::: SOURCE RECORDS :::
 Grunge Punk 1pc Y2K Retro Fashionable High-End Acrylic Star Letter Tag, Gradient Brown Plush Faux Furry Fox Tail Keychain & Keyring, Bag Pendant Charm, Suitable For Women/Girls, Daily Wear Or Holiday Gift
:::
::: SOURCE RECORDS :::
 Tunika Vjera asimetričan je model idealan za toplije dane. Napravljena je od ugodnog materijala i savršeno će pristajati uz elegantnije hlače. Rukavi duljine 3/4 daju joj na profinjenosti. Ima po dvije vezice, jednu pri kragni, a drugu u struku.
:::
::: SOURCE RECORDS :::
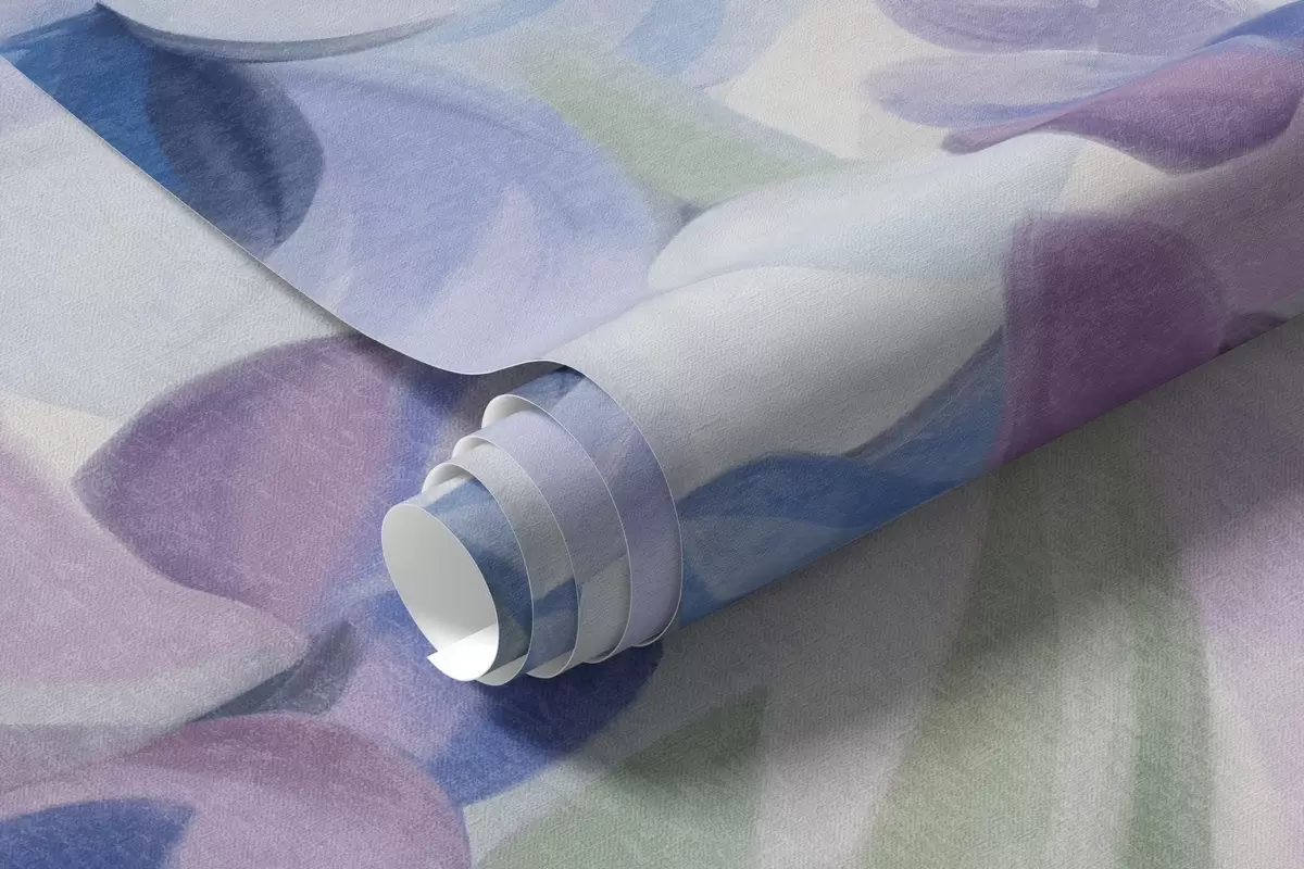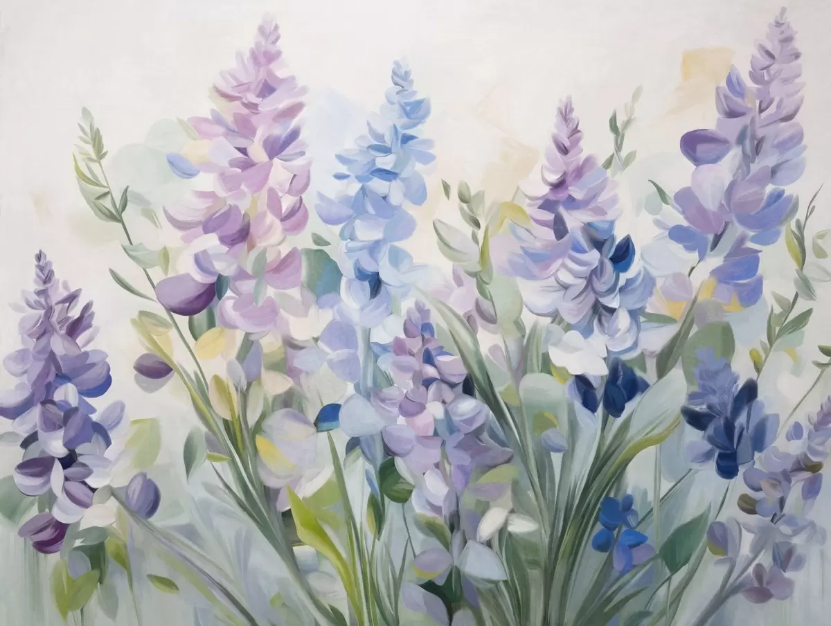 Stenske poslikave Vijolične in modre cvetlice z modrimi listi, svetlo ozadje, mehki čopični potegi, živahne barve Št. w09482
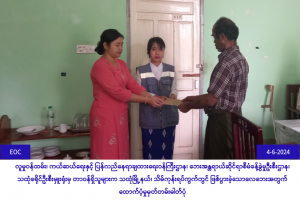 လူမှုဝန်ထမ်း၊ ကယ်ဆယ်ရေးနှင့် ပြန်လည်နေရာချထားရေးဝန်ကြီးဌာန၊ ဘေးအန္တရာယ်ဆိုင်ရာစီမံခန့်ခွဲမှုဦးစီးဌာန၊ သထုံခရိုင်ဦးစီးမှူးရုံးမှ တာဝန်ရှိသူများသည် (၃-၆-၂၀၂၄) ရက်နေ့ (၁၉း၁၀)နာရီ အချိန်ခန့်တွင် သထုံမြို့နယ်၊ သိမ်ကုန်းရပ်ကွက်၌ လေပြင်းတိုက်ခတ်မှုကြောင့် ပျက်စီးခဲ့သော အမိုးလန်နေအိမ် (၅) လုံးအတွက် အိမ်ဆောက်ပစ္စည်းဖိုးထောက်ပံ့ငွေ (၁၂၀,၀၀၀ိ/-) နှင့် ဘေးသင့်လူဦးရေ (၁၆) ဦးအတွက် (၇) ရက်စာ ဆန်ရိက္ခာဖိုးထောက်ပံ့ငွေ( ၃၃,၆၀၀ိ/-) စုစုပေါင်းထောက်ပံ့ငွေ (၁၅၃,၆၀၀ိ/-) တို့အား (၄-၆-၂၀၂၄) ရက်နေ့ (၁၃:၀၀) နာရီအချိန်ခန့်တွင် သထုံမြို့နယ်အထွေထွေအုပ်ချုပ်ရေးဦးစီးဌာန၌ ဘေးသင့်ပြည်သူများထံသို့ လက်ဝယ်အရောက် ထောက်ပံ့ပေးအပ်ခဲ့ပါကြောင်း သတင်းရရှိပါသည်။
:::
_WHAT YOU NEED TO DO_.
Leaving out all pictures, set down exactly the lines of the material above, from the line with "Stenske poslikave Vijolične" to the line with "လူမှုဝန်ထမ်း၊ ကယ်ဆယ်ရေးနှင့် ပြန်လည်နေရာချထားရေးဝန်ကြီးဌာန၊" inclusive, and no others.

_REPLY_.
 Stenske poslikave Vijolične in modre cvetlice z modrimi listi, svetlo ozadje, mehki čopični potegi, živahne barve Št. w09482
 လူမှုဝန်ထမ်း၊ ကယ်ဆယ်ရေးနှင့် ပြန်လည်နေရာချထားရေးဝန်ကြီးဌာန၊ ဘေးအန္တရာယ်ဆိုင်ရာစီမံခန့်ခွဲမှုဦးစီးဌာန၊ သထုံခရိုင်ဦးစီးမှူးရုံးမှ တာဝန်ရှိသူများသည် (၃-၆-၂၀၂၄) ရက်နေ့ (၁၉း၁၀)နာရီ အချိန်ခန့်တွင် သထုံမြို့နယ်၊ သိမ်ကုန်းရပ်ကွက်၌ လေပြင်းတိုက်ခတ်မှုကြောင့် ပျက်စီးခဲ့သော အမိုးလန်နေအိမ် (၅) လုံးအတွက် အိမ်ဆောက်ပစ္စည်းဖိုးထောက်ပံ့ငွေ (၁၂၀,၀၀၀ိ/-) နှင့် ဘေးသင့်လူဦးရေ (၁၆) ဦးအတွက် (၇) ရက်စာ ဆန်ရိက္ခာဖိုးထောက်ပံ့ငွေ( ၃၃,၆၀၀ိ/-) စုစုပေါင်းထောက်ပံ့ငွေ (၁၅၃,၆၀၀ိ/-) တို့အား (၄-၆-၂၀၂၄) ရက်နေ့ (၁၃:၀၀) နာရီအချိန်ခန့်တွင် သထုံမြို့နယ်အထွေထွေအုပ်ချုပ်ရေးဦးစီးဌာန၌ ဘေးသင့်ပြည်သူများထံသို့ လက်ဝယ်အရောက် ထောက်ပံ့ပေးအပ်ခဲ့ပါကြောင်း သတင်းရရှိပါသည်။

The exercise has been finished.